HOWEVER, anyone can go to the conventions (non-club members pay extra) and learn from the most capable hangers in the country. AND non-members can join numerous internet paperhanging forums and learn from those top-notch professionals.

Knowledge is like opportunity, it don't come knocking on your door, you have to seek it out.


----------



## Underdog (Mar 9, 2013)

Well now you make fine points, I get it, it just took another poke with a stick.
I'm rethinking things for sure.

My only experience with my NGPP membership was all the ads they sent, and my experience at a convention was sheer boredom. Wasn't worth the free quart of Prepz.

What I hate is leaving a job that passes but having the feeling of letting the home owner down, through no fault of my own.

I can hang all those you mentioned, I've pasted without being able to book. 
I'm accustomed to people being in awe of what I've done, not cringing as I deposit the check.
The seams are a consistent issue and both outside and inside corners are becoming a nightmare.

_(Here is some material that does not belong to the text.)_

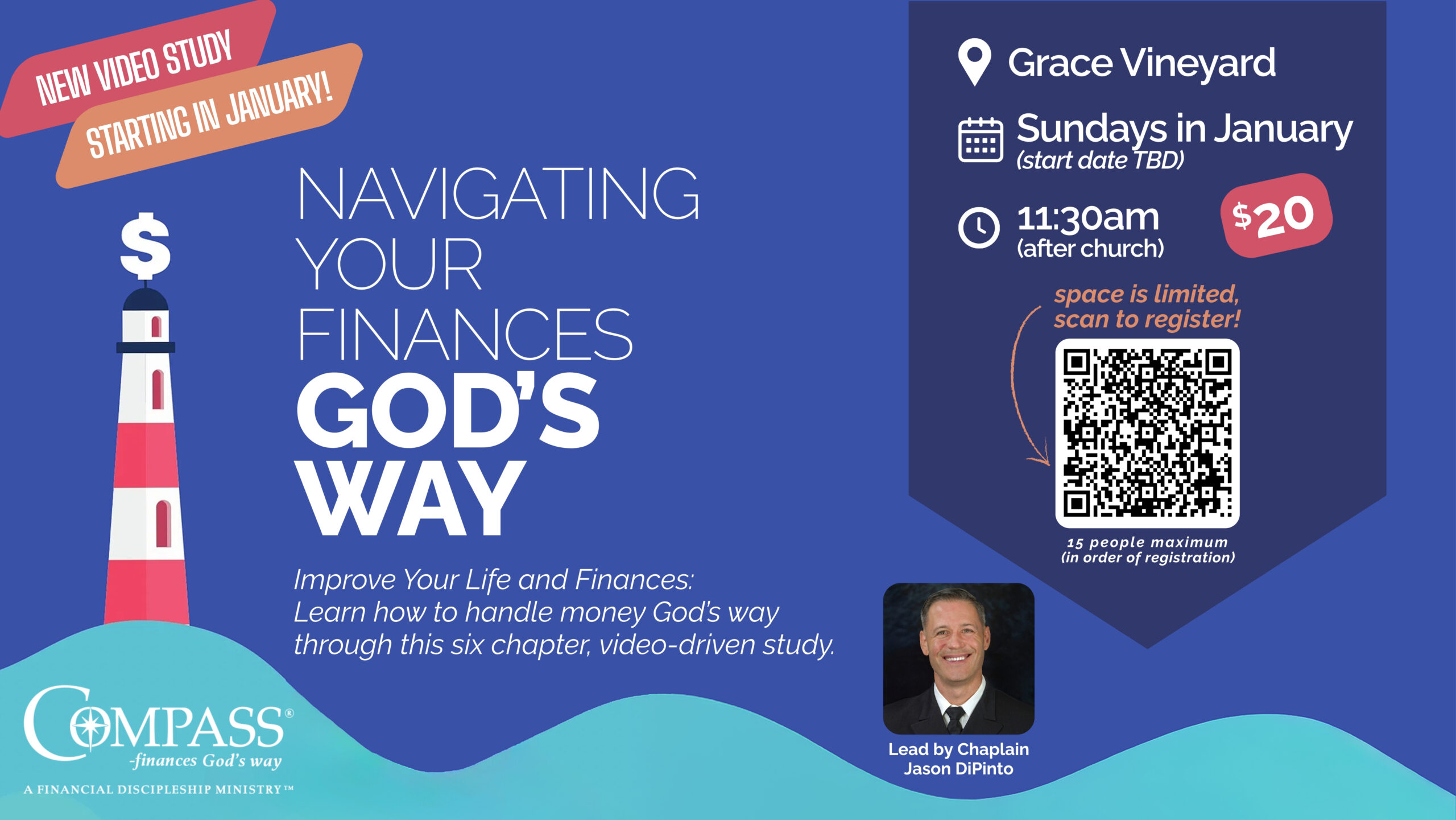 Starting in January, Chaplain Jason DiPinto is going to lead a financial study called “Navigating Your Finances God’s Way” from Compass Finances (A Financial Discipleship Ministry). Jason will be in the lobby on Sunday to answer your questions and take signups. It’s a six chapter, video-driven study and we’ll be meeting on Sundays at 11:30 after church. The start date is still to be determined. Space is limited – there is a 15 person maximum, so the first 15 people to sign up we’ll get to come to this one.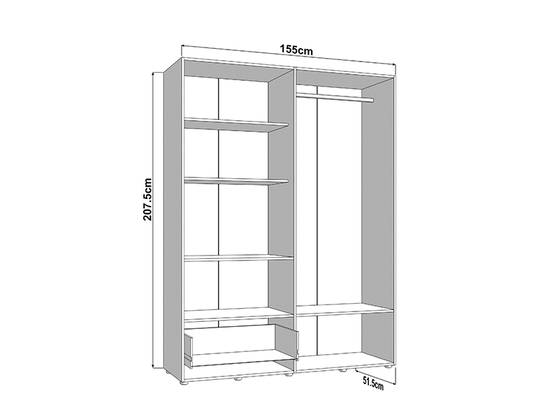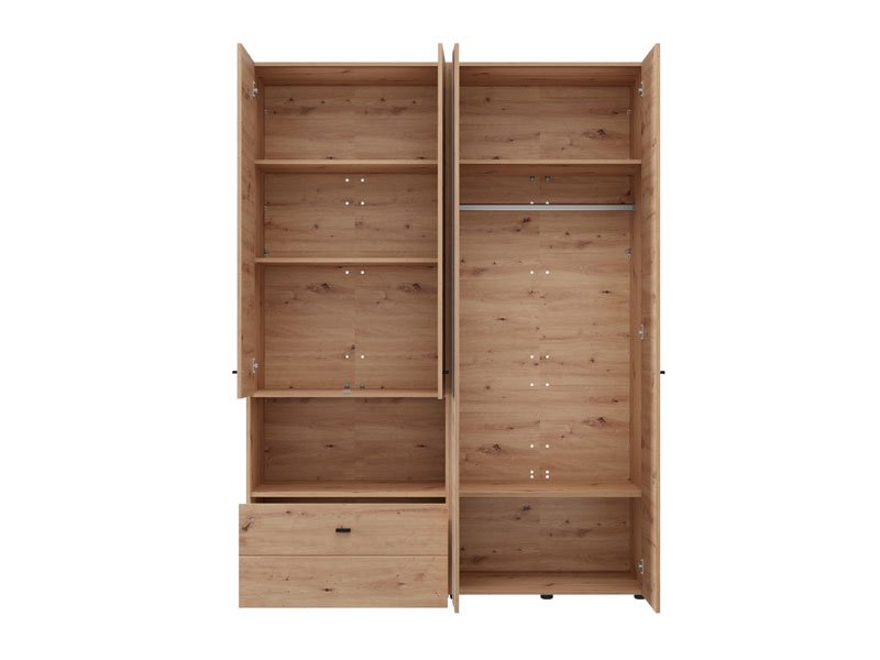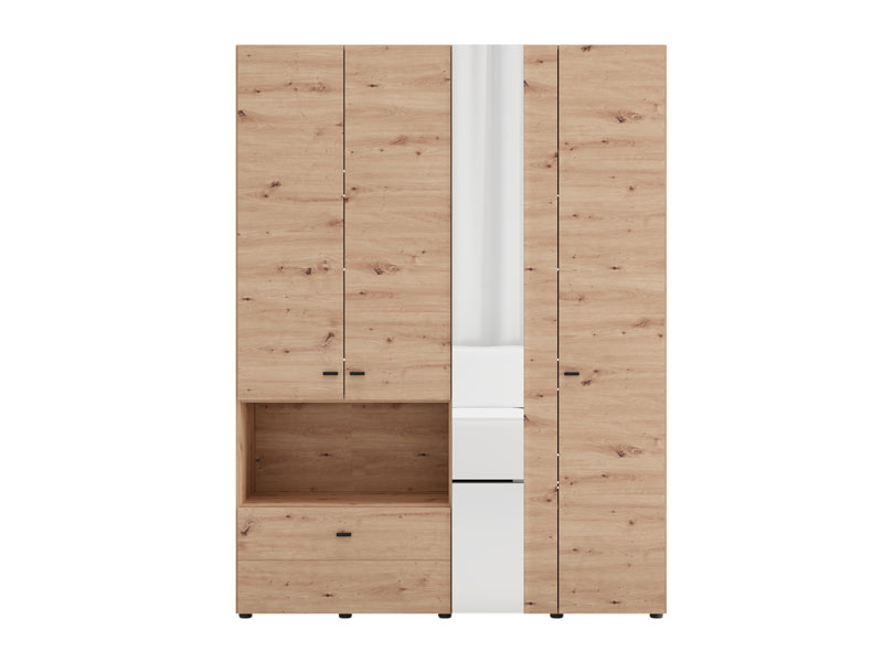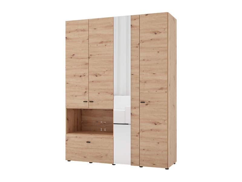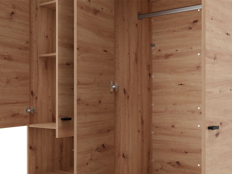 L’armoire CAMPSIE 4K1F1O h207, au décor chêne artisan, est une solution élégante et moderne pour l’organisation des vêtements. Cette armoire à quatre battants comporte un segment à double battant avec des étagères, une étagère ouverte et un tiroir profond, tandis que l’autre segment à double battant comporte une barre de garde-robe. Un battant de l’armoire est doté d’un miroir, ce qui contribue à la fonctionnalité, mais également à l’esthétique de l’espace. Il est possible d’élargir davantage l’espace utilisable en ajoutant un ensemble d’étagères, améliorant ainsi la fonctionnalité de l’espace intérieur.

Maybe this thread just should have been a rant.

:cowboy:


----------



## chrisn (Jul 15, 2007)

Underdog said:


> Well now you make fine points, I get it, it just took another poke with a stick.
> I'm rethinking things for sure.
> 
> My only experience with my NGPP membership was all the ads they sent, and my experience at a convention was sheer boredom. Wasn't worth the free quart of Prepz.
> ...


I do believe it was (is)


----------